----- THE DATA -----
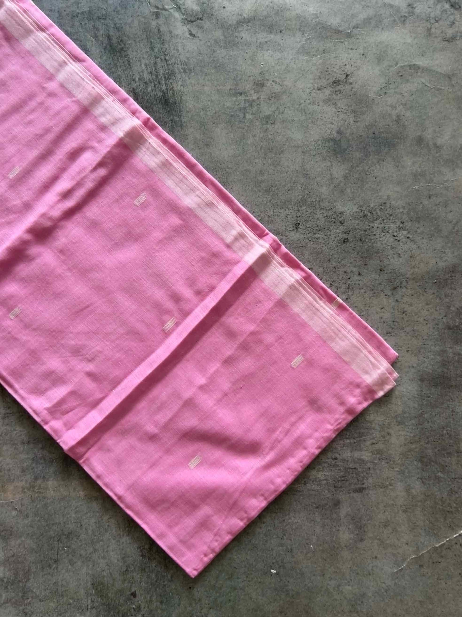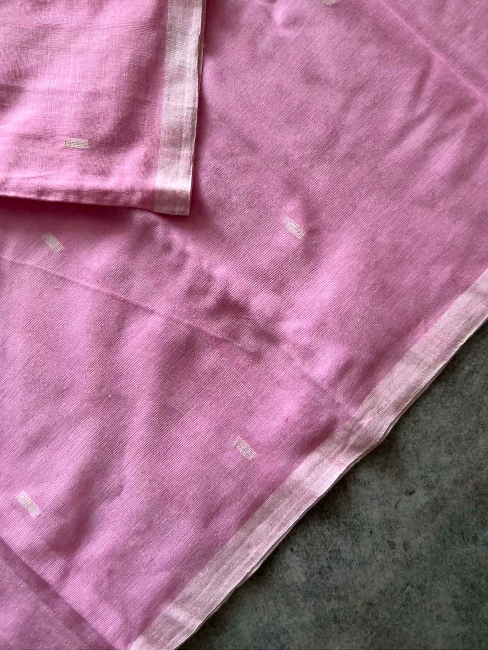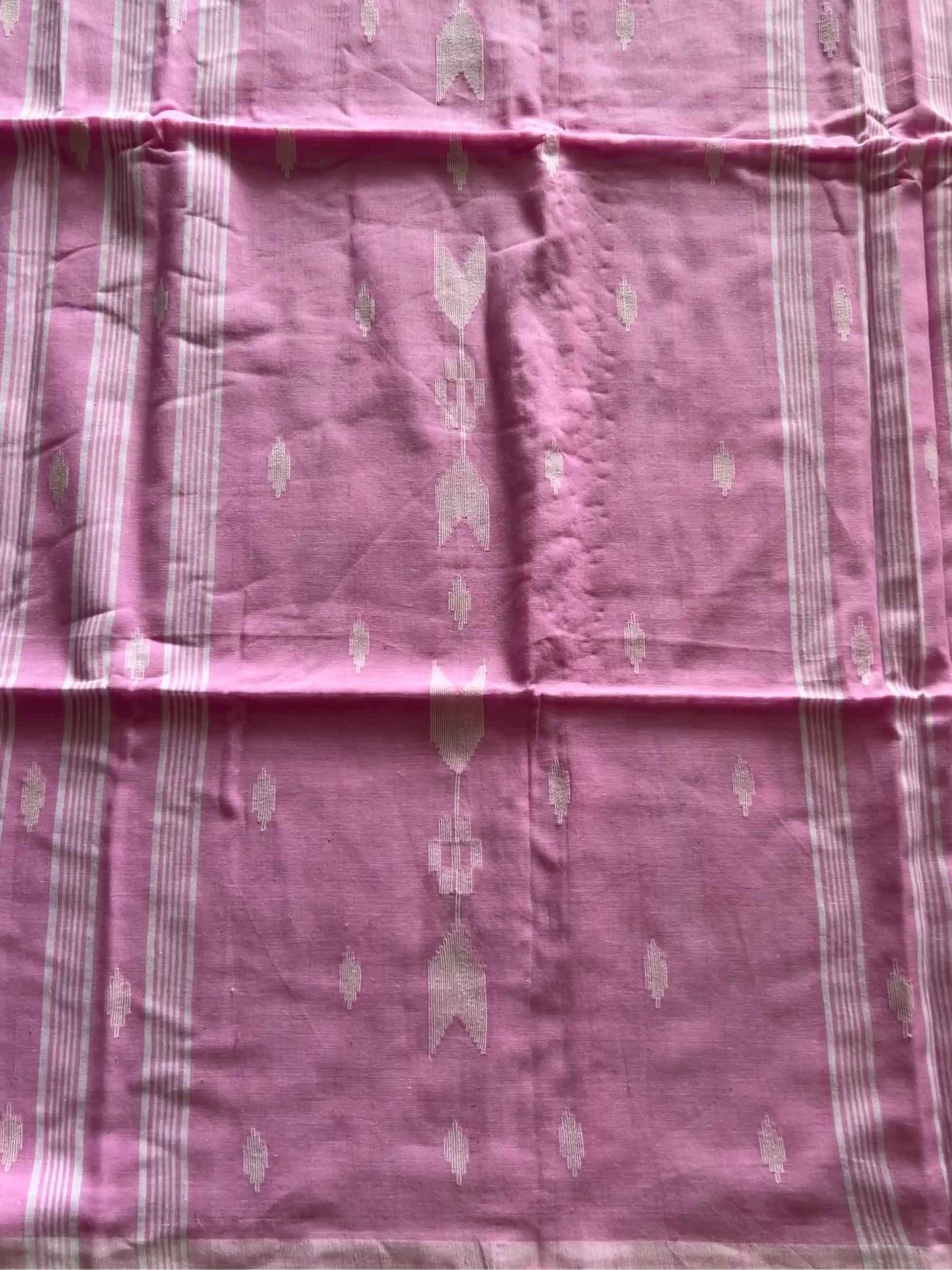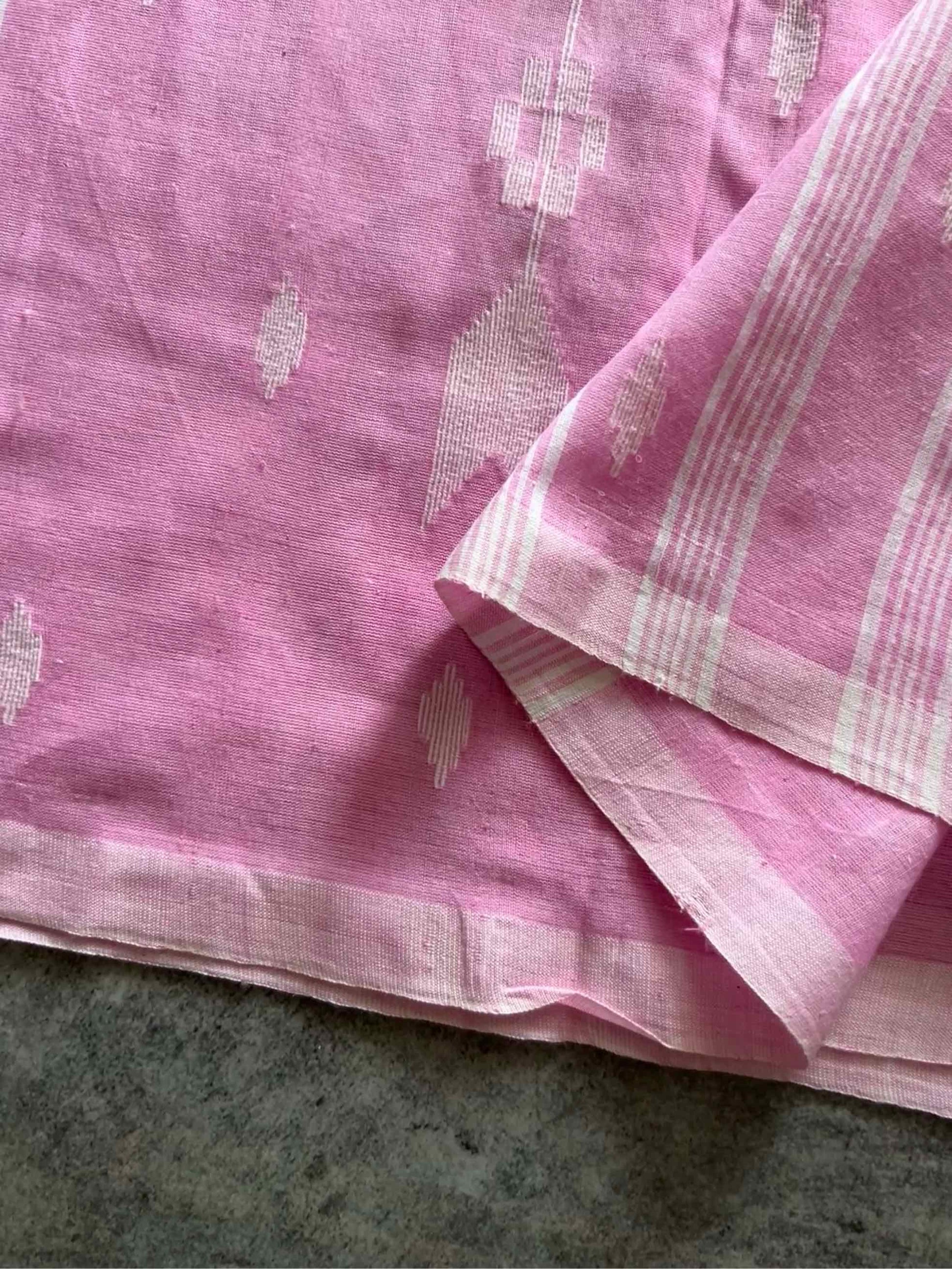 Mul cotton, often called “mulmul,” is known for its feather-light, breathable texture that drapes effortlessly. When paired with the intricate artistry of the Jamdhani weave, it becomes a canvas of heritage and elegance. The delicate, handwoven motifs – often floral or geometric – appear to float on the fabric, telling stories of tradition with every thread.
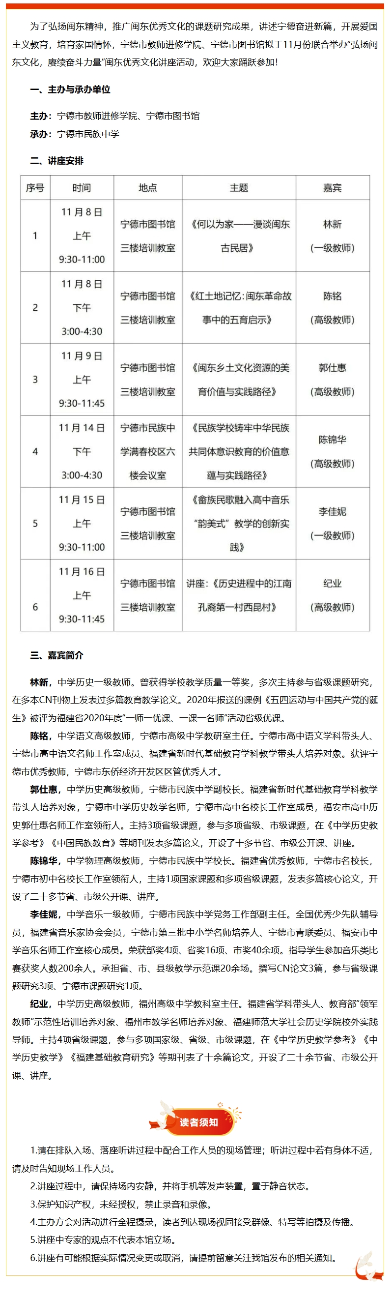 讲座预告│11月份闽东优秀文化讲座安排
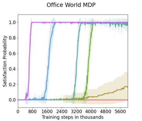 The image shows the performance of our algorithm (pink) on Office World environment compared to state of the art.
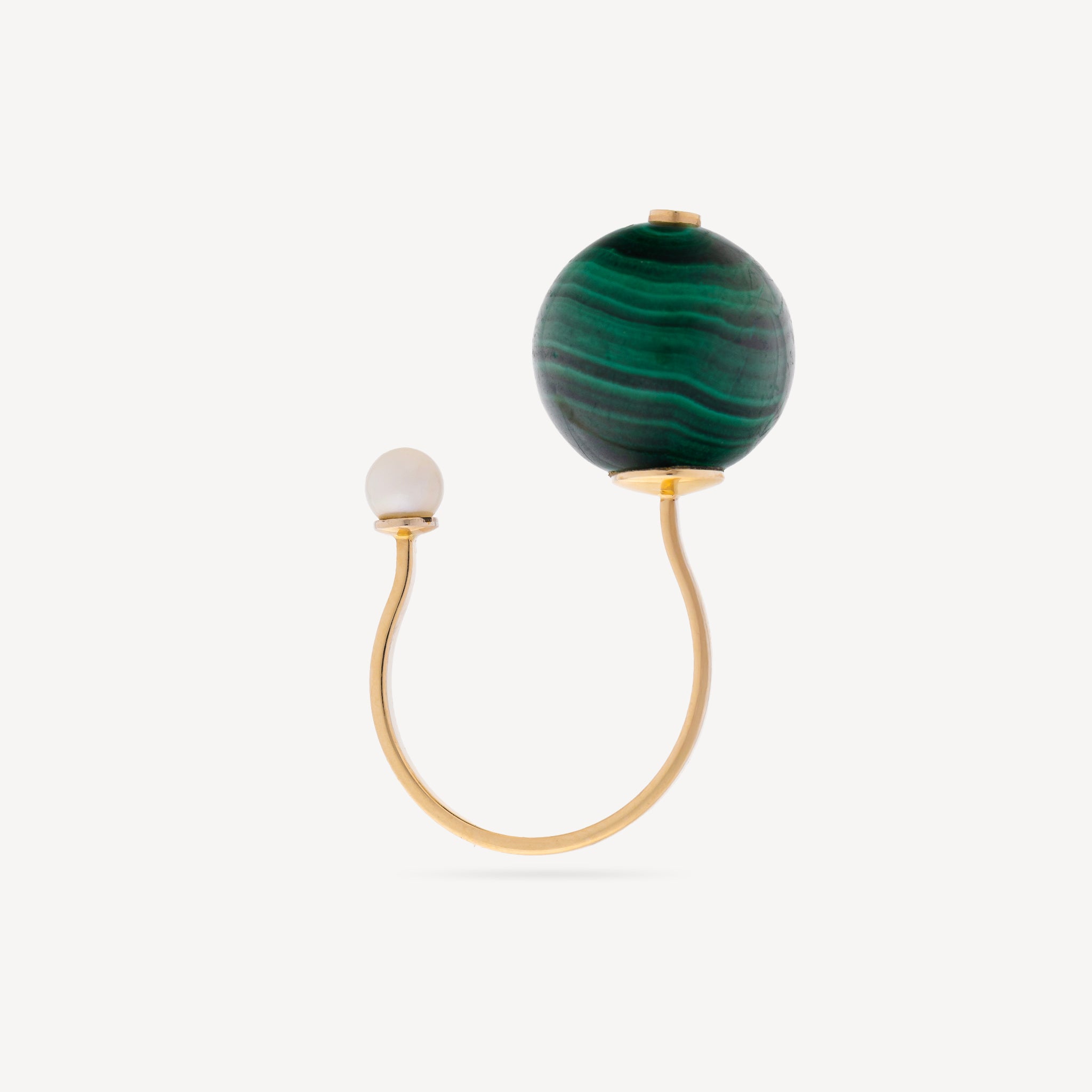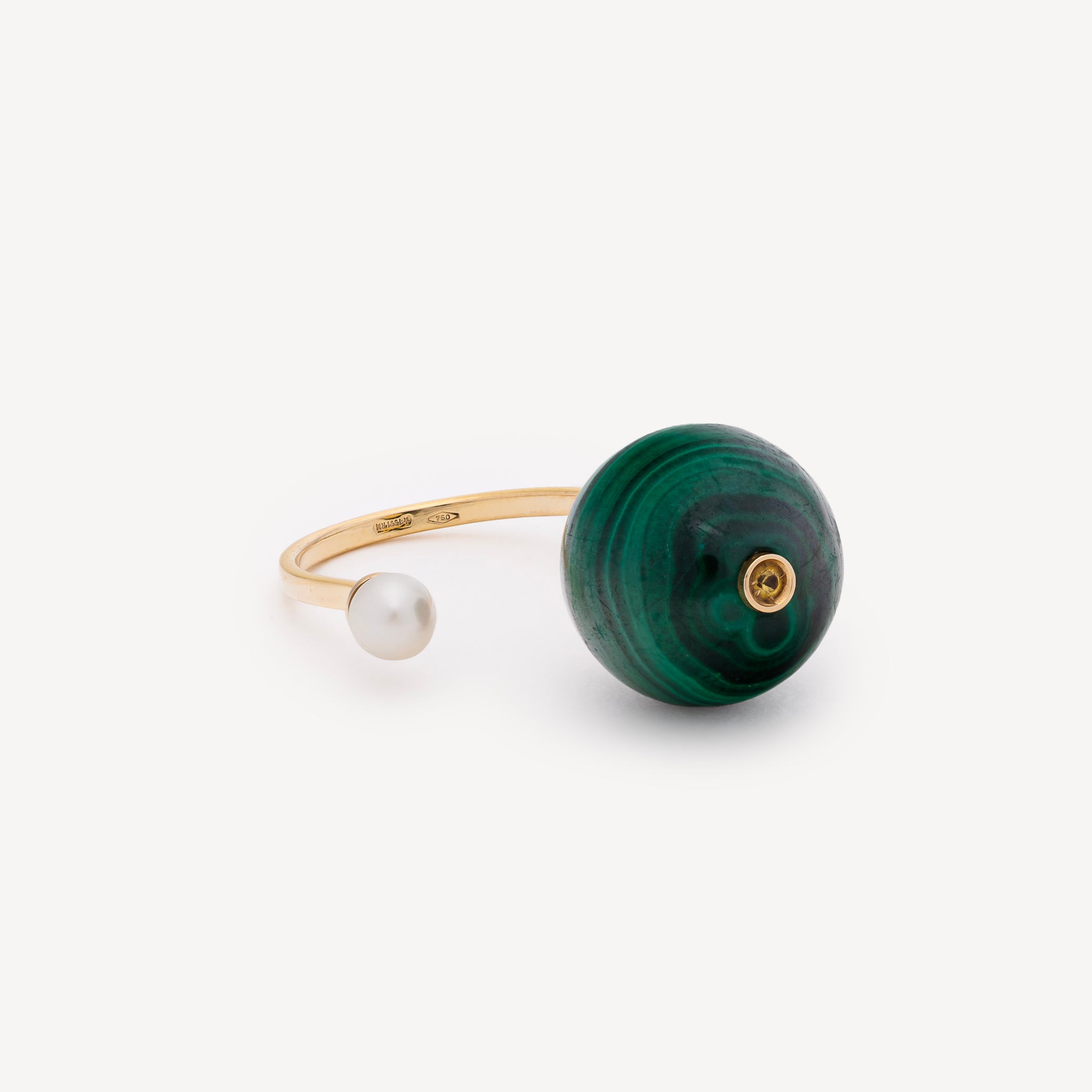 Bague en or jaune ornée d’un côté d’une grande malachite et d’un saphir jaune sur le dessus et de l’autre côté d’une perle.
-----
_TASK GOAL_: Give back the material above exactly, but without its images.

_WRITTEN SOLUTION_:
 Mul cotton, often called “mulmul,” is known for its feather-light, breathable texture that drapes effortlessly. When paired with the intricate artistry of the Jamdhani weave, it becomes a canvas of heritage and elegance. The delicate, handwoven motifs – often floral or geometric – appear to float on the fabric, telling stories of tradition with every thread.
 讲座预告│11月份闽东优秀文化讲座安排
 The image shows the performance of our algorithm (pink) on Office World environment compared to state of the art.
 Bague en or jaune ornée d’un côté d’une grande malachite et d’un saphir jaune sur le dessus et de l’autre côté d’une perle.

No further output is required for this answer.